Multiphoton Microscope Modules

NeuraLeap Module

A groundbreaking way to image rapidly across a range of depths

Digital Micromirror Device (DMD) Focusing for Ultima Microscopes

The NeuraLeap module provides researchers with a groundbreaking way to image rapidly across a range of depths. By combining an extended depth-of-field laser excitation module with an ultrafast DMD chip, NeuraLeap allows for nearly instantaneous switching between optical planes. Furthermore, it can define multiple excitation planes of varying sizes to selectively image larger volumes in a single optical plane. This module significantly increases the speed and flexibility for the Ultima microscope, thereby enabling researchers to image with greater temporal resolution in the brain.​  

Ultrafast Z-Focusing Combined with Variable Depth-of-Field Selection

NeuraLeap's DMD allows rapid (20 µs) switching between planes, enabling the collection of multiple discrete planes across hundreds of microns of depth.
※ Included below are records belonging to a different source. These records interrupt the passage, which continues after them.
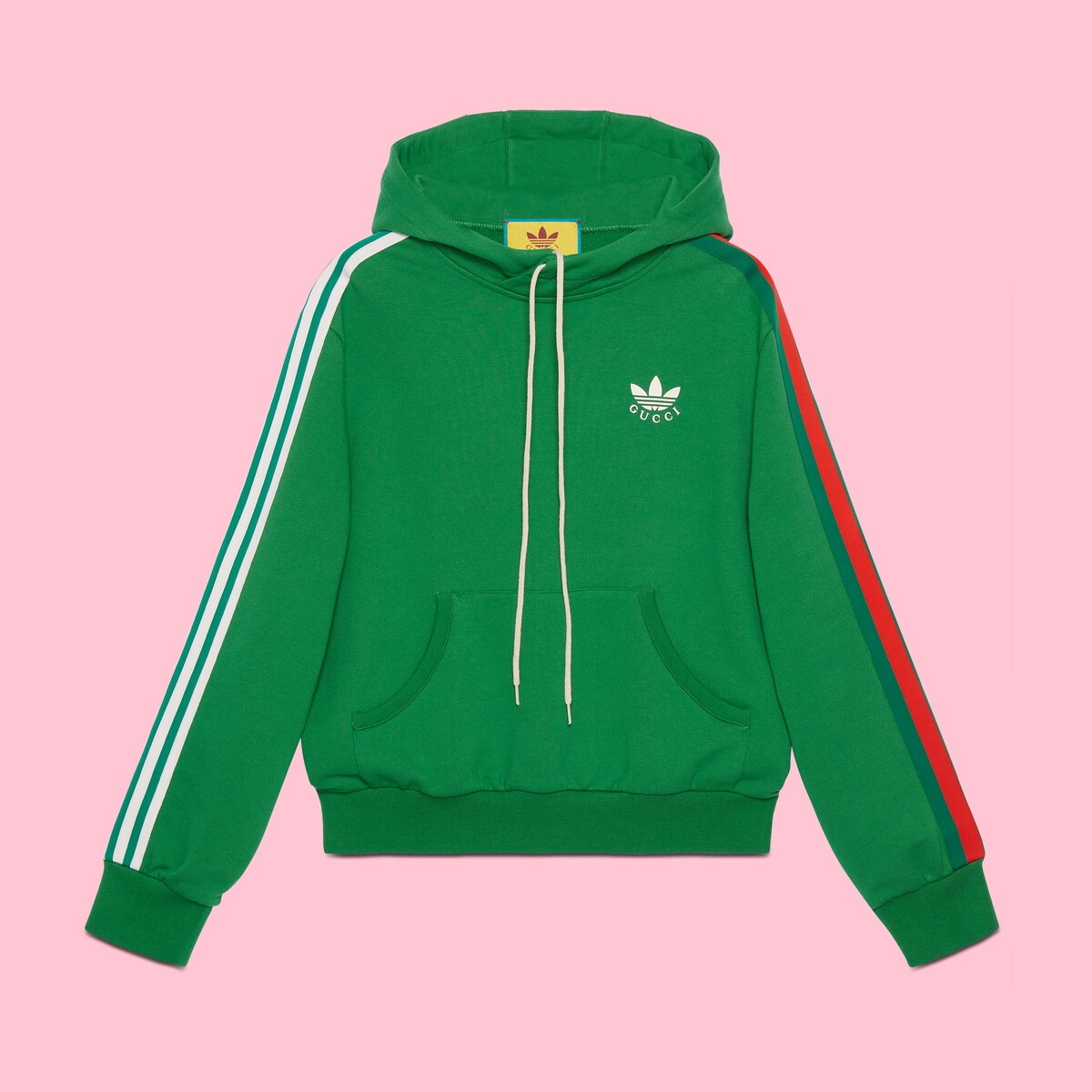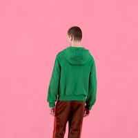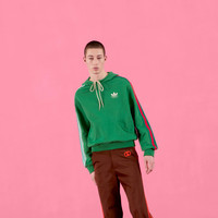adidas and Gucci venture into a collection, where the Web juxtaposes with the three white stripes, and the GG monogram combines with the trefoil. Pulling inspiration from the Creative Director’s memories of the ‘80s and ‘90s, emblematic House’s motifs mix with those of the historic sportswear brand adidas resulting in a series of hybrid looks. This cotton jersey sweatshirt is finished with the Gucci Trefoil rubberized print - Green felted cotton jersey - Gucci Trefoil rubberized print - Multicolor 3-stripes appliqué - adidas x Gucci - Hooded with drawstring - Front pocket - Made in Italy - The product shown in this image is a size small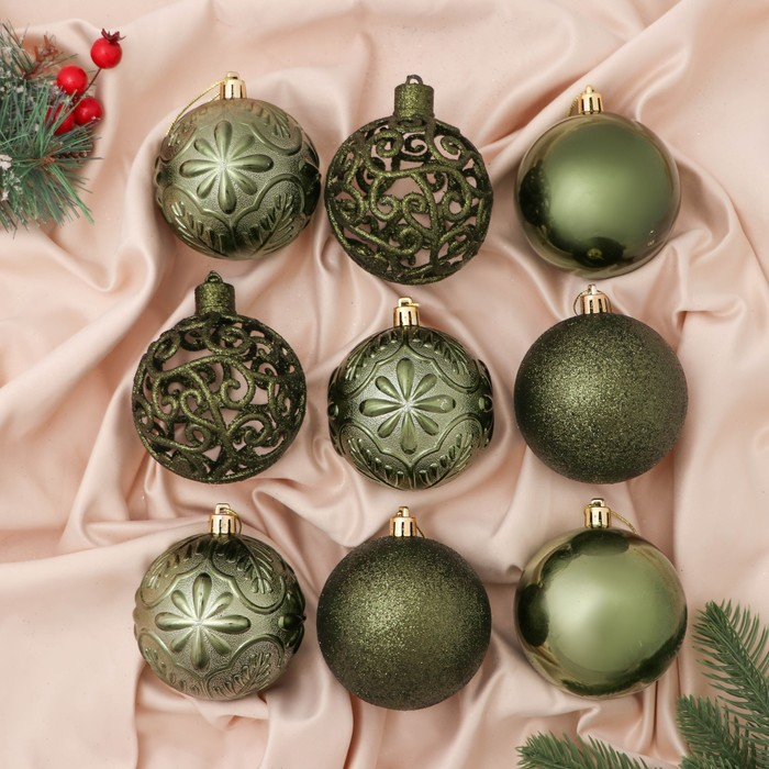 Набор шаров пластик d-8 см, 9 шт "Сильва ассорти" зелёный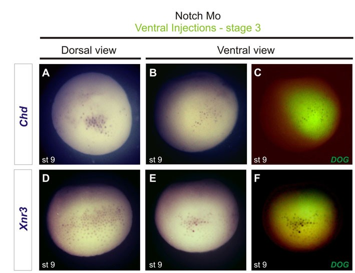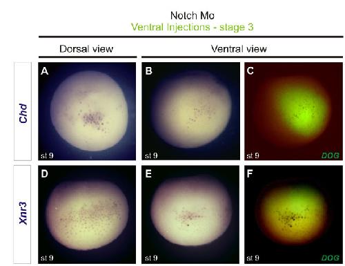 Fig. S1. Attenuation of Notch from stage 3 induces weak ectopic expression of blastula chordin- and noggin-expressing centre (BCNE) markers at the ventral side. (A-F) Xenopus embryos were injected with 20 ng of Notch morpholino (Mo) into one ventral cell at stage 3. Expression of chd (A-C) and Xnr3 (D-F) at stage 9 is shown in dorsal (A,D) and ventral (B,E) view. B and E are ventral views of the embryos shown in A and D, respectively, with ectopic chd (B) or Xnr3 (E) expression. These embryos represent the strongest phenotypes. Green fluorescence of the co-injected Dextran Oregon Green tracer (DOG; C,F) correspond to the same views shown in B and E. |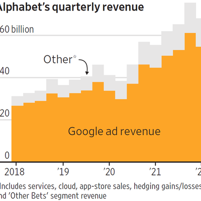 WSJ 绘制了一张图展示了 Alphabet(谷歌母公司)今年收入的构成。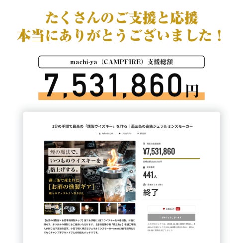 お陰様で、達成率7,531%超えという私共の想像を超える結果を持ちまして、無事にmachi-yaプロジェクトを終了することが出来ました!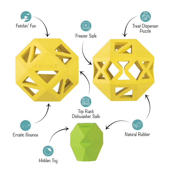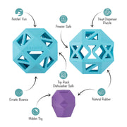 Ready to join the Dura Club? Our "Sweet on the Inside" rubber dog toy is for pups that love to work for their treats, chew, and play lots of fetch. Made with natural rubber and an erratic bounce, this 2-in-1 treat dispenser puzzle toy was created for long-lasting interactive play. Simply fill the inner treat dispenser puzzle or outer treat dispenser with treats, then toss it for some fetchin' fun to keep your pup busy trying to get them out!

With no added wait time for the Z-device, this greatly increases the rate at which samples can be scanned in Z. There is no additional delay for larger jumps, and planes can be arbitrarily selected for imaging, giving researchers more flexibility when it comes to how volumes are collected.​

Image with a large, variable depth-of-field

The NeuraLeap module can generate an elongated illumination spot that will excite fluorophores in planes up to 150 microns thick with a 16x objective, allowing for resonant-rate imaging of volumes where optical mixing of the signals is not a concern. In addition to greatly increasing frame rates for volumes, this larger illumination plane also helps prevent signal changes due to Z motions in samples, making data collection more reliable.

Select multiple planes to image simultaneously

NeuraLeap can produce two discrete imaging spots along its full depth of field, allowing researchers to select multiple planes of interest to image at resonant-rate speeds, separated by hundreds of microns. Complex applications, such as voltage imaging or where cells must be imaged across large distances in Z with high temporal precision, are now feasible with this dual-plane imaging feature.